OGM: la décision de Bruxelles soulève de vives critiques en France

AP | 02.03.2010 | 20:44

La décision de la Commission européenne d'autoriser la culture d'une pomme de terre génétiquement modifiée a été vivement critiquée mardi en France par des organisations de défense de l'environnement, qui demandent au gouvernement de faire jouer la clause de sauvegarde.
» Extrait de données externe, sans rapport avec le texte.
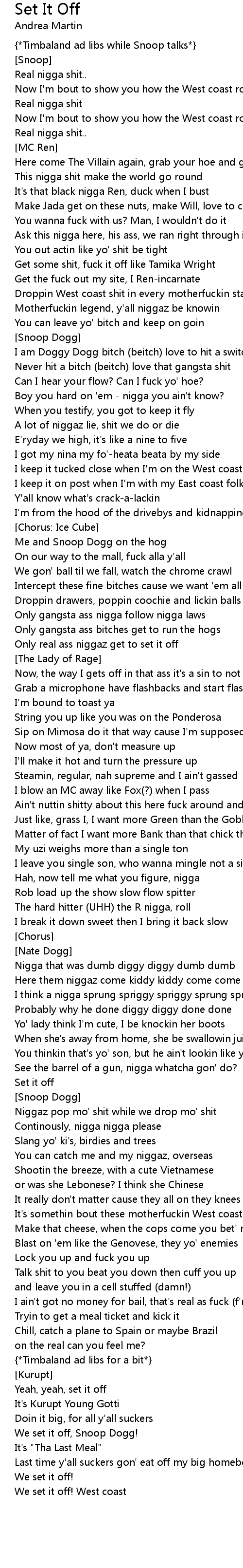 Only real ass niggaz get to set it off |
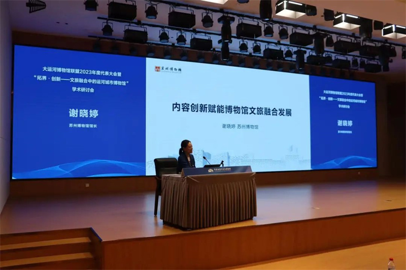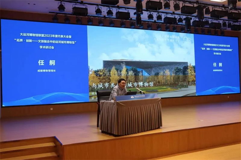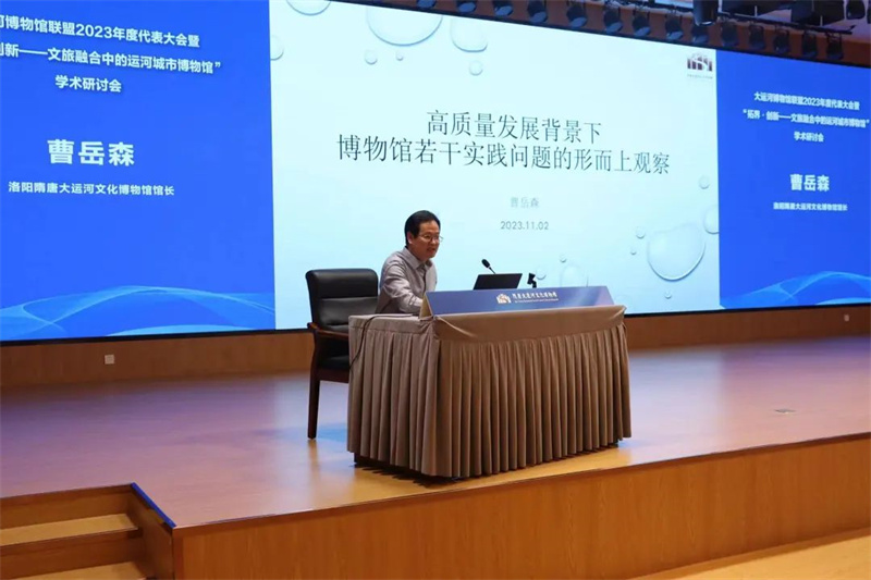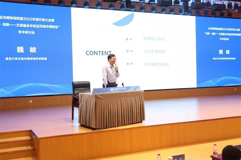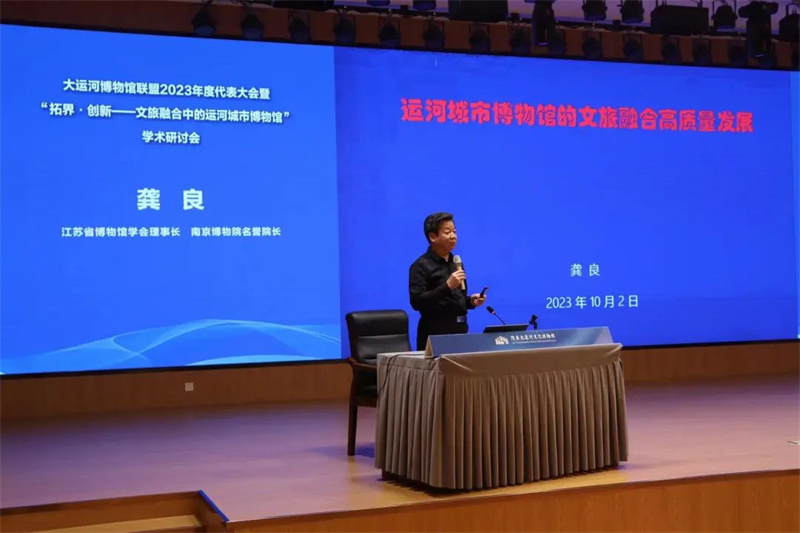 在“拓界·创新——文旅融合中的运河城市博物馆”学术研讨会上,中国博物馆协会理事长刘曙光,江苏省博物馆学会理事长、南京博物院名誉院长龚良,苏州博物馆馆长谢晓婷,成都博物馆馆长任舸、浙江省博物馆副馆长蔡琴,复旦大学文物与博物馆学系研究员魏峻, 洛阳隋唐大运河文化博物馆馆长曹岳森,北京艺术博物馆馆长陈静等10位专家进行了主旨发言。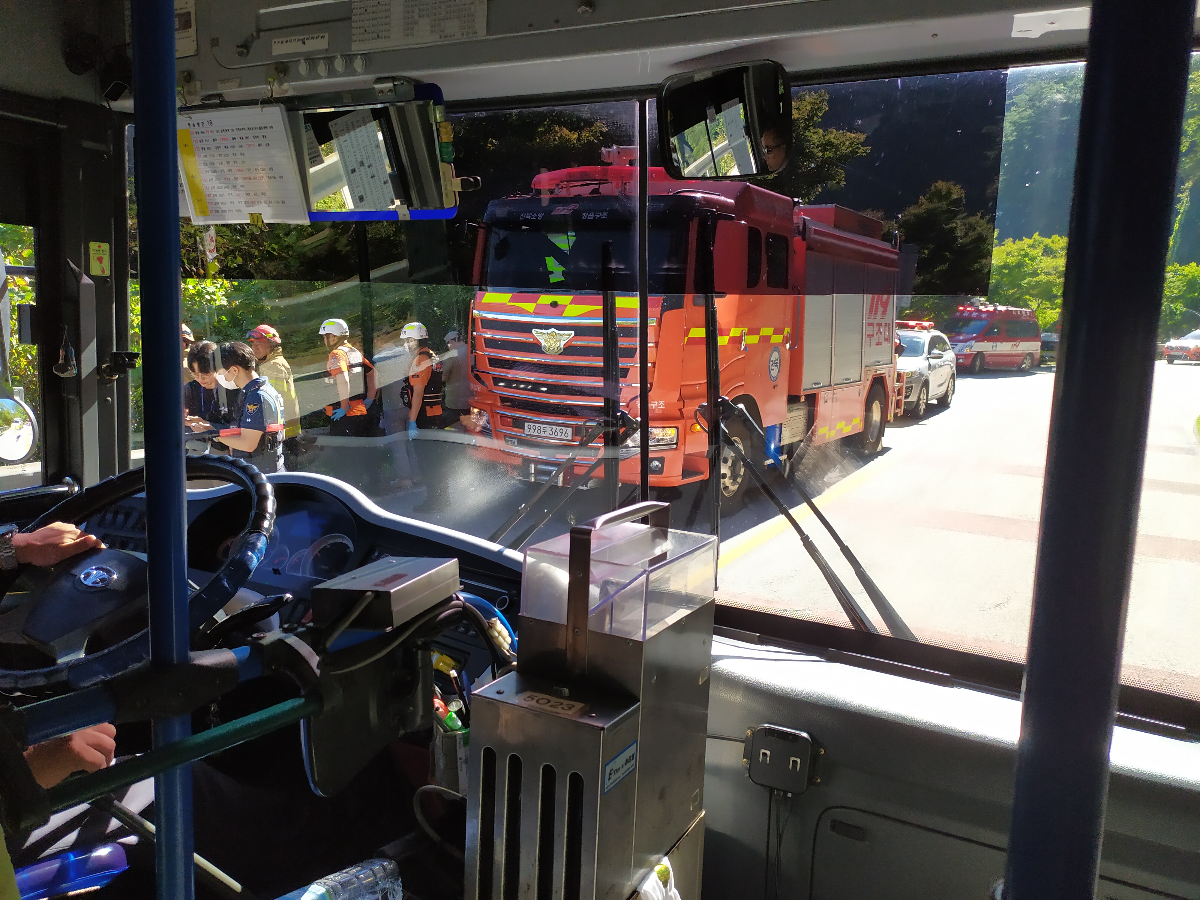 내장산국립공원을 지나면서 사고가 나 있었습니다. 기사님 말씀으로는 차가 가드레일 넘어서 아래로 떨어진것 같다고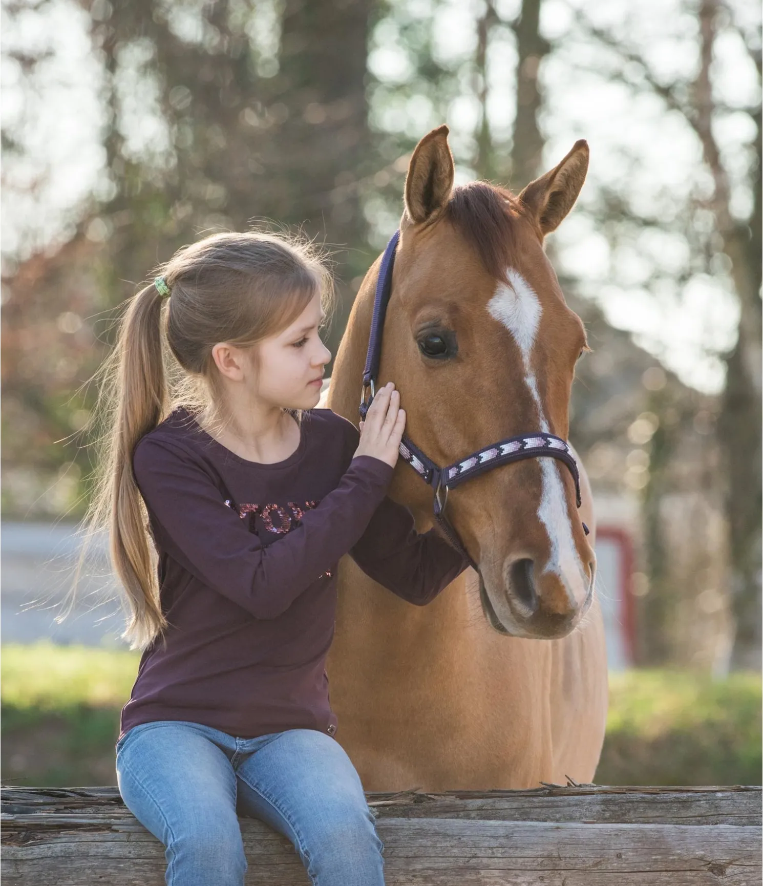 Licol en nylon avec décoration sophistiquée en perles. Rembourrage doux sur la muserolle et la têtière. Muserolle et têtière réglables.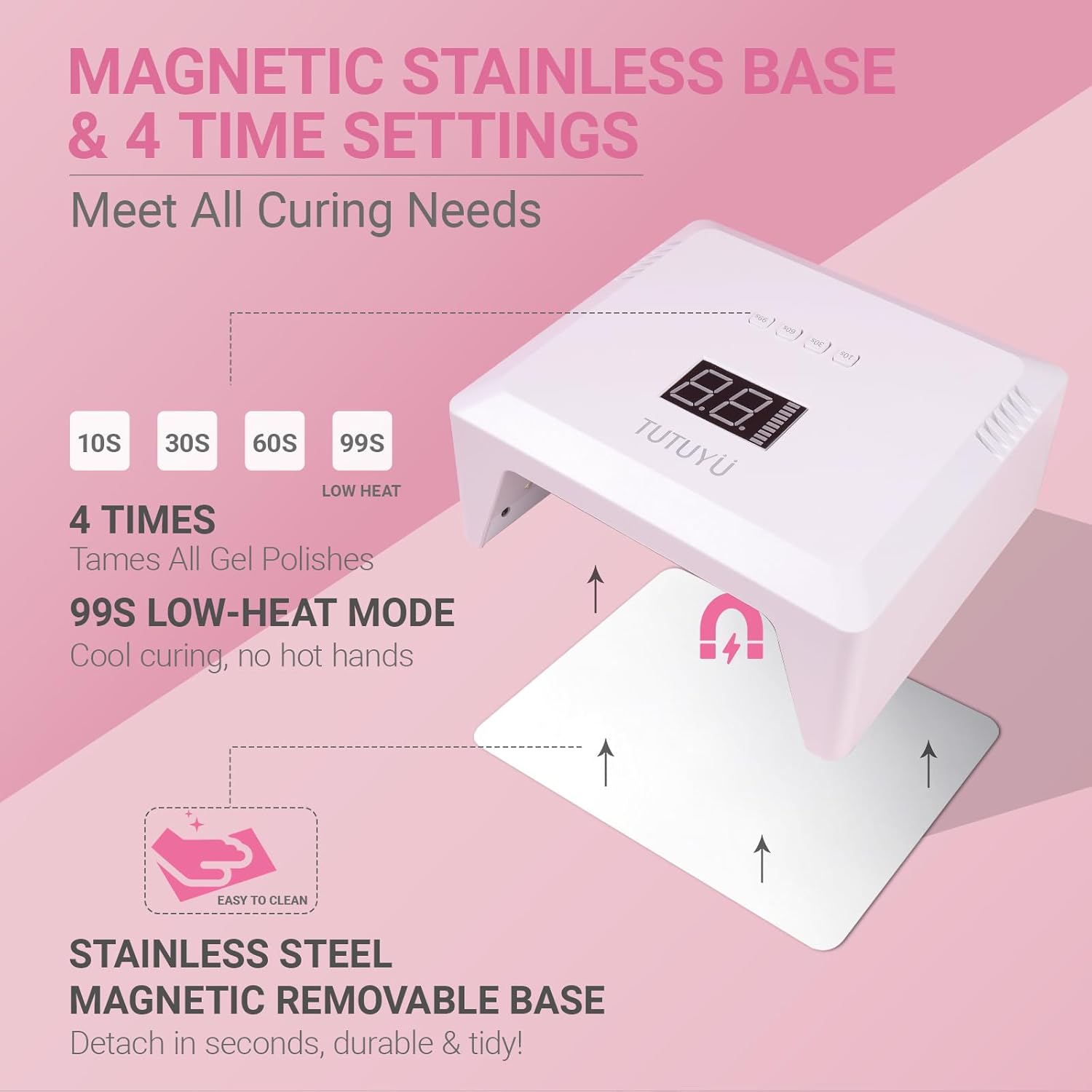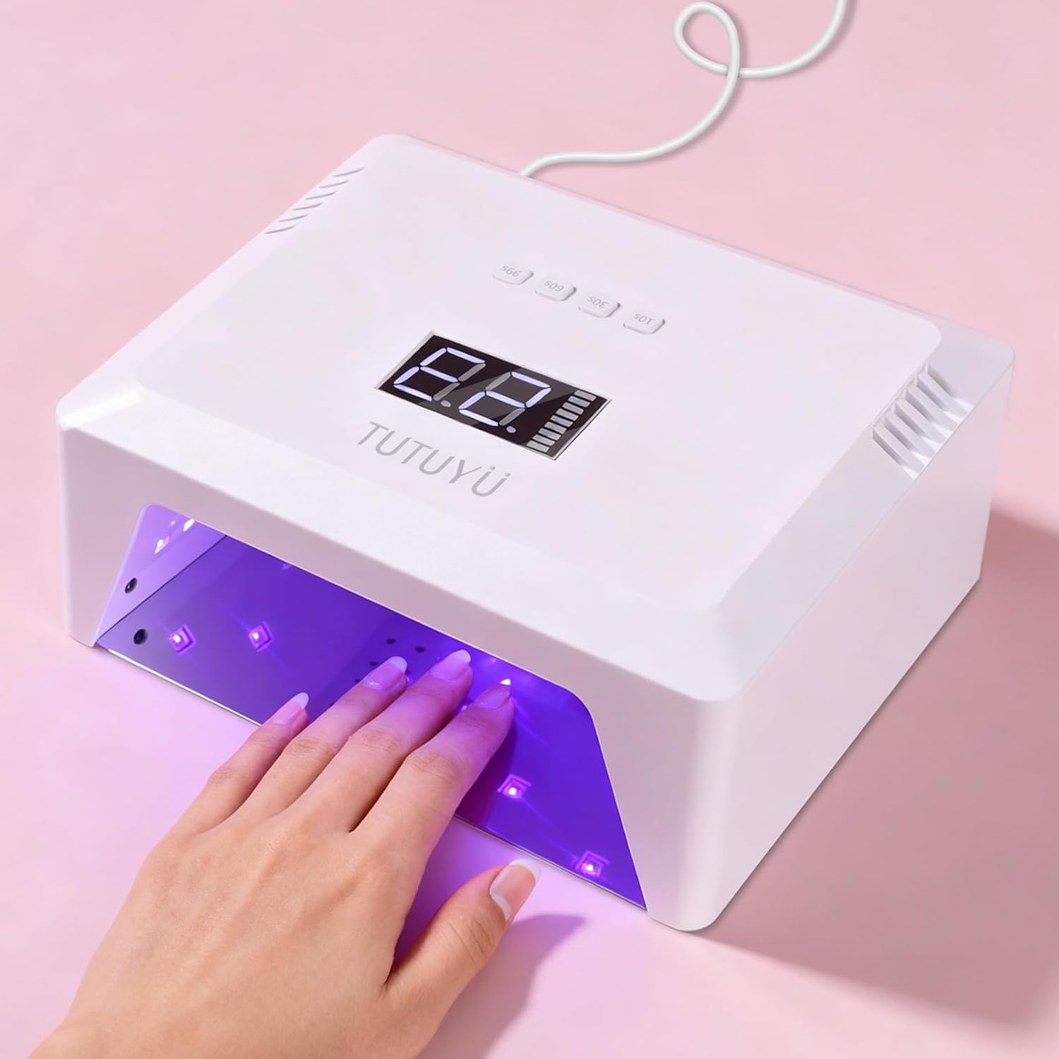 - Precision 4-Stage Timer Control – Customize curing times (10s/30s/60s/99s) for base coats, color layers, thick designs, or 3D charms, eliminating under-curing or over-drying issues.

Le ministère de l'Ecologie a suspendu pour l'heure sa décision à l'avis du Haut conseil des biotechnologies (HCB).

"Le gouvernement français décide de saisir le Haut Conseil des biotechnologies (HCB), notamment sur la présence, dans cette pomme de terre, d'un gène marqueur de résistance à un antibiotique", ont confirmé les ministres de l'Ecologie, Jean-Louis Borloo et de l'Agriculture, Bruno Le Maire, dans un communiqué commun. "La France attendra donc l'avis du HCB pour arrêter sa position".

"D'une façon plus générale, la France souhaite qu'il n'y ait plus d'autorisation d'OGM sans le renforcement de l'expertise scientifique communautaire, en application des conclusions adoptées à l'unanimité par les Etats membres, lors du Conseil européen des ministres de l'Environnement du 4 décembre 2008", ajoutent les ministres. Ils rappellent que la décision de la commission suit "la procédure normale prévue par la réglementation, à la suite de l'absence d'accord politique entre les Etats membres sur ce dossier, lors de la session du 16 juillet 2007 du Conseil agriculture".

"La France a décidé de saisir le Haut conseil des biotechnologies" le 22 février dernier, avait précisé plus tôt le ministère de l'Ecologie, contacté par l'AP. L'avis du HCB est attendu d'ici à quelques mois.

En janvier 2008, le gouvernement français avait décidé d'activer la clause de sauvegarde sur le maïs transgénique MON810, seul OGM cultivé en France à des fins commerciales.

Après un avis favorable de l'Agence européenne de sécurité des aliments (EFSA), Bruxelles a donné son feu vert mardi à la culture, à des fins industrielles, de la pomme de terre Amflora, la première autorisation de culture OGM accordée depuis 1998. La Commission européenne a également approuvé la mise sur le marché de trois produits contenant du maïs génétiquement modifié, pour l'alimentation humaine et animale mais pas pour la culture.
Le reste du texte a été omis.